Longtemps j’ai hésité à les offrir au public. Ce n’est que sur les conseils de mes amis que je me suis décidé à les faire paraître, dans l’espérance qu’elles serviraient à mieux faire connaître cette région ignorée des grandes Pyrénées.
C’est pour les coureurs de sommets qu’elles ont été écrites : c’est à eux que je les dédie.
31 décembre 1900.
L’Hospitalet ! que de souvenirs ne nous rappelle-t-il pas, ce village pyrénéen perdu au fond de son cirque de pâturages à 1 436 mètres d’altitude. Pour les baigneurs d’Ax, l’Hospitalet, c’est souvent tout ce qu’ils voient des grandes Pyrénées ; c’est là qu’ils se donnent l’illusion d’une journée passée aux hautes altitudes ; c’est un village de montagne, très loin et très haut ; c’est presque le bout du monde, car de là, en dix minutes, on passe en Andorre… Pour nous, au contraire, c’est un point de départ, un centre d’ascensions d’où nous partons le matin avec nos bâtons, nos sacs et nos gros souliers, et où nous rentrons le soir, brûlés par le soleil, blancs de poussière, mouillés de sueur ; c’est un point de ravitaillement en même temps qu’un lieu de repos qui nous permet de garder plus longtemps le contact de la montagne ; c’est une transition entre les grandes solitudes et le mouvement de notre vie ordinaire…
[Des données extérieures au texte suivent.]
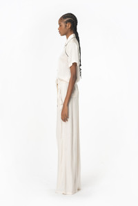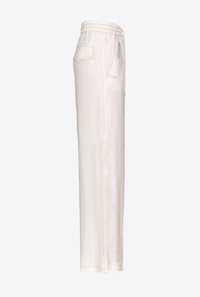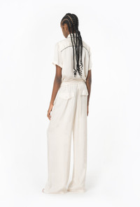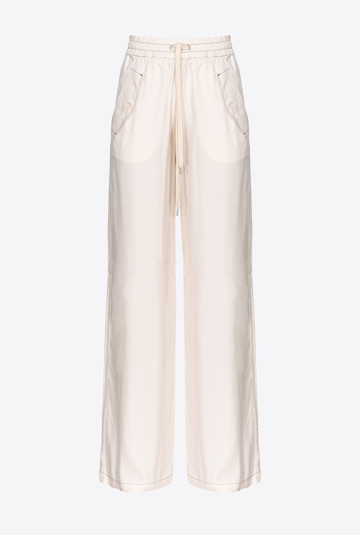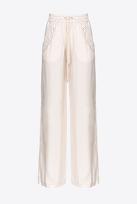 Wide-leg viscose twill trousers with contrasting topstitching. Elasticated high waist with drawstring to tie, straight-cut wide legs, slanted side pockets with added flap and pockets with buttoned flap on the back. COMPOSITION Outside Fabric: VISCOSE 100% - Accessory: POLYESTER 100%

C’est là aussi que nous trouvons notre guide habituel, le brave Pierre Marfaing, un pâtre, avec lequel nous avons passé bien des journées dans les hautes régions. Une longue suite de difficultés vaincues ensemble, une longue série de dangers partagés, ont fait naître entre nous des sentiments d’attachement d’un ordre spécial : l’amitié d’une part, le dévouement de l’autre.
Le soir à l’Hospitalet, on est à table, seul avec son guide dans la grande salle de l’hôtel Soulé. On dîne en causant de la course prochaine. On est tout heureux de se retrouver et de pouvoir parler de la grande montagne entre gens qui se connaissent et qui savent qu’ils pourront compter le lendemain absolument l’un sur l’autre. On se raconte les dernières nouvelles ; on parle des pics récemment faits ; des difficultés que l’on aura à surmonter ; on déplie les cartes et l’on discute les itinéraires à suivre.
9 heures. – Une dernière promenade pour examiner le temps : « Il fera beau demain ; » – et puis on rentre. « À demain 5 heures moins 1/4, » tels sont les derniers mots échangés ; la porte se ferme ; quelques pas encore dans l’escalier : et l’on se déshabille, pressé que l’on est d’aller se mettre dans des draps bien blancs.
5 heures moins le 1/4. Un bruit de marteau à la porte. Allons, debout ! La toilette est vite faite, et en route !
Il s’agit aujourd’hui d’aller à Porté en passant par le pic Sabarthès ; une simple promenade d’entraînement qui nous permettra de nous dérouiller les jambes et de flâner sur les hauts pâturages.
Nous prenons au-dessus de l’Hospitalet, parmi les chemins forestiers du périmètre de reboisement, ceux qui se dirigent vers le col de Puymaurens. Nous atteignons ainsi, sans fatigue, la cote 2 100 mètres. Il ne nous reste plus ensuite qu’à monter droit au pic par des pâturages et des éboulis. Tout cela n’est qu’un jeu.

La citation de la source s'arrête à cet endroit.